Semipartial correlations.

To account for the correlation between meaning and salience, we partialed out shared variance explained by both meaning and salience, then repeated the fixation analysis on the semipartial correlations. In the control condition, after the shared variance explained by both meaning and salience was partialed out, meaning accounted for 30% of the average variance at the first fixation (M = 0.30, SD = 0.16), 10% of the variance during the second fixation (M = 0.10, SD = 0.09), and 8% during the third fixation (M = 0.08, SD = 0.06).
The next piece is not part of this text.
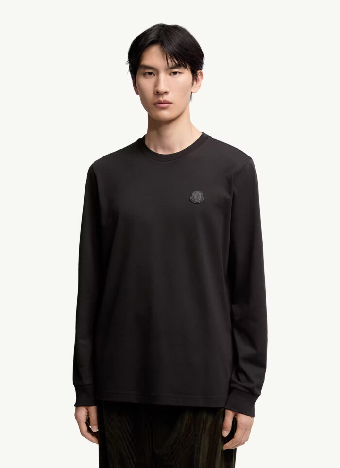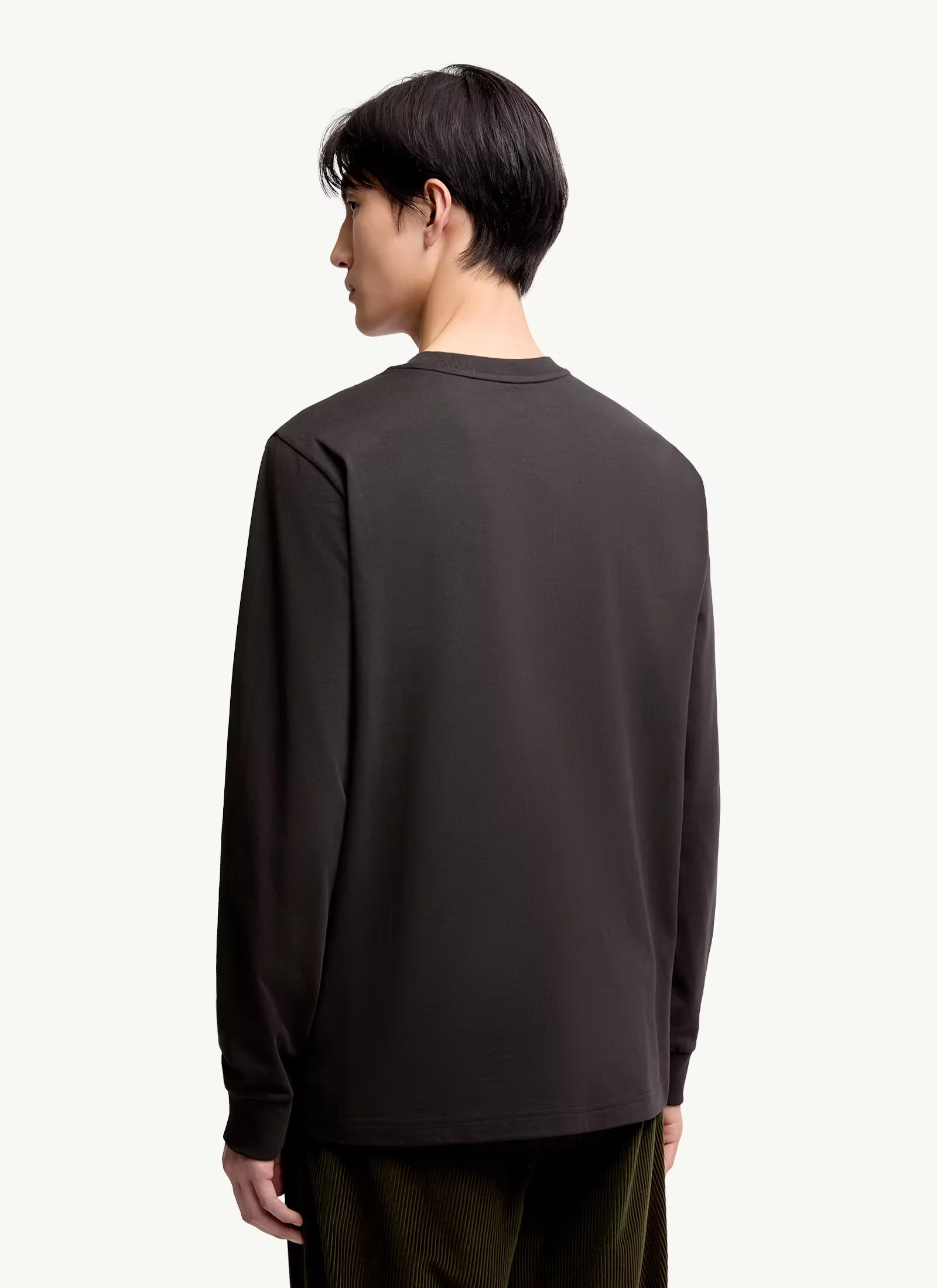 Cotton long sleeve T-shirt with a round neckline. Leather logo on the chest.

After shared variance with meaning was partialed out, salience accounted for only 2% of the average unique variance at the first and third fixations (1: M = 0.02, SD = 0.03; 3: M = 0.02, SD = 0.03) and 3% at the second fixation (M = 0.03, SD = 0.04). The advantage of meaning was significant for all three fixations (1: t(29) = 8.58, p < .001, 95% CI = [0.21 0.34], d = 2.66, d 95% CI = [1.34 3.97]; 2: t(29) = 3.40, p < .001, 95% CI = [0.03 0.11], d = 0.99, d 95% CI = [0.28 1.70]; 3: t(29) = 4.21, p < .001, 95% CI = [0.03 0.08], d = 1.10, d 95% CI = [0.44 1.76]). In the articulatory suppression condition, after the shared variance with salience was partialled out, meaning accounted for 34% of the average variance during the first fixation (M = 0.34, SD = 0.15), 14% at the second fixation (M = 0.14, SD = 0.12), and 10% during the third fixation (M = 0.10, SD = 0.09). After the shared variance with meaning was partialled out, on average salience accounted for 2% of the variance at all three fixations (1: M = 0.02, SD = 0.03; 2: M = 0.02, SD = 0.02; 3: M = 0.02, SD = 0.03). The advantage of meaning was significant for all three fixations (1: t(29) = 10.27, p < .001, 95% CI = [0.26 0.38], d = 3.25, d 95% CI = [1.67 4.85]; 2: t(29) = 5.49, p < .001, 95% CI = [0.08 0.17], d = 1.46, d 95% CI = [0.69 2.22]; 3: t(29) = 4.49, p < .001, 95% CI = [0.04 0.12], d = 1.25, d 95% CI = [0.51 1.99]).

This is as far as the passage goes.